The plumbers were searching for intelligence about the Democrats when they were caught bugging the phones of the Democratic National Committee at the Watergate complex in Washington in June 1972.

Even earlier, other Nixon operatives had worked to sabotage the campaigns of Democratic candidates that Nixon considered formidable threats to his reelection, which Nixon won in a landslide in November 1972.

Ultimately, the Watergate scandal was exposed and Nixon was forced to resign in 1974. But the Republicans never changed their tactics.

The Iranian Hostages

In 1980, the Reagan-Bush campaign saw the lingering hostage crisis in Iran as a powerful vulnerability for President Carter.

Again, the evidence is now overwhelming that the Republicans contacted senior Iranians behind Carter's back to assure that Carter failed to secure the release of 52 American hostages before the election.

Over the past two decades, more than a score of witnesses – including senior Iranian officials, top French intelligence officers, Israeli intelligence operatives and even Palestine leader Yasir Arafat – have confirmed the existence of a Republican initiative to interfere with Carter’s efforts to free the hostages.

In 1996, during a meeting in Gaza, Arafat personally told former President Carter that senior Republican emissaries approached the Palestine Liberation Organization in 1980 with a request that Arafat help broker a delay in the hostage release.

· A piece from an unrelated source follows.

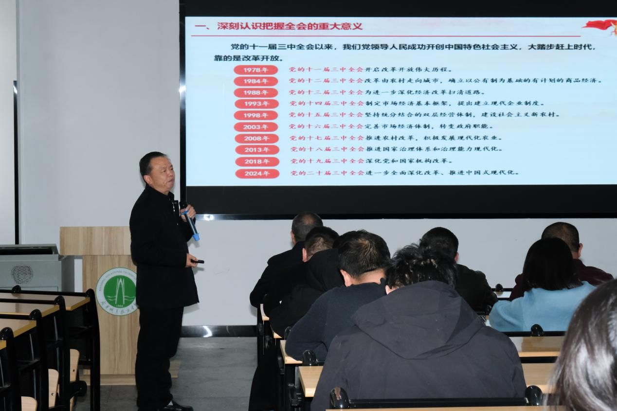 吴高岭从党的二十届三中全会的重大意义、深入学习领会习近平总书记在全会上的重要讲话精神、全面准确理解和把握《决定》提出的进一步全面深化改革的重大举措以及凝聚共识、加压奋进,全力以赴抓好全会精神在学校落地落实等方面,进行了系统的阐释和全面解读。

“You should know that in 1980 the Republicans approached me with an arms deal if I could arrange to keep the hostages in Iran until after the elections,” Arafat told Carter. [For details, see Diplomatic History, Fall 1996]

Arafat’s spokesman Bassam Abu Sharif has said the GOP gambit pursued other channels, too. In an interview with me in Tunis in 1990, Bassam indicated that Arafat learned upon reaching Iran in 1980 that the Republicans and the Iranians had made other arrangements for a delay in the hostage release.

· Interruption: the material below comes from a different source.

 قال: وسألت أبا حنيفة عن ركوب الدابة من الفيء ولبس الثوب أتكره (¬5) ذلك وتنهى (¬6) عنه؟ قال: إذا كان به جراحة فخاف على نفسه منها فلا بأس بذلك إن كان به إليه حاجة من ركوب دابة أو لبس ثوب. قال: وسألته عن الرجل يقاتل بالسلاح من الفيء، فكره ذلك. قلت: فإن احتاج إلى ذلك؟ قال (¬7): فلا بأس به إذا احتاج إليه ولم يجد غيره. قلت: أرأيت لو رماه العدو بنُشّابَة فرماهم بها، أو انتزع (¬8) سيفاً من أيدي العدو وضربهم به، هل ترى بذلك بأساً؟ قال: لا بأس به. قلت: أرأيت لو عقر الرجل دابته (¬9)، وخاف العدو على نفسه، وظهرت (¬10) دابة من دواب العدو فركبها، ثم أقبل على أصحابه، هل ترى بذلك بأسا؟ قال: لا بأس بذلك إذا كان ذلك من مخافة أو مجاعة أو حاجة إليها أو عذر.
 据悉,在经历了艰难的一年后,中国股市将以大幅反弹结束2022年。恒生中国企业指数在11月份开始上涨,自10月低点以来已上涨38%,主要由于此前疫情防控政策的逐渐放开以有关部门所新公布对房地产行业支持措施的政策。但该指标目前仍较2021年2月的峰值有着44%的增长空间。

“The offer [to Arafat] was, ‘if you block the release of hostages, then the White House would be open for the PLO’,” Bassam said. “I guess the same offer was given to others, and I believe that some accepted to do it and managed to block the release of hostages.”

In a little-noticed letter to the U.S. Congress, dated Dec. 17, 1992, former Iranian President Abolhassan Bani-Sadr said he first learned of the Republican hostage initiative in July 1980 when a nephew of Ayatollah Ruhollah Khomeini returned from a meeting with an Iranian banker, Cyrus Hashemi, who had close ties to Reagan’s campaign chief William Casey and to Casey’s business associate, John Shaheen.

Bani-Sadr said the message from the Khomeini emissary was clear: the Republicans were in league with the CIA in an effort to undermine Carter and were demanding Iran’s help.

Bani-Sadr said the emissary “told me that if I do not accept this proposal they [the Republicans] would make the same offer to my rivals.” The emissary added that the Republicans “have enormous influence in the CIA,” Bani-Sadr wrote. “Lastly, he told me my refusal of their offer would result in my elimination.”

Bani-Sadr said he resisted the GOP scheme, but the plan was accepted by the hard-line Khomeini faction.

[For more details about the evidence of a Republican-Iranian deal in 1980, see The October Surprise X-Files series in the archives at this Web site or Robert Parry's book, Trick or Treason, available at Amazon.com]

Though some Carter advisers held suspicions about Republican hostage shenanigans at the time, the Democrats again kept silent. Only after the Iran-contra scandal broke in 1986 and witnesses began surfacing was the 1980 story fleshed out enough to compel Congress to take a closer look.

Again, though, the Democrats feared that the evidence could endanger the fragile relationships in Washington that enable governing to go forward. Once more, they chose to ignore the machinations of the Republicans and, in some cases, literally hid the evidence. [See History on the Ballot or the October Surprise X-Files series.]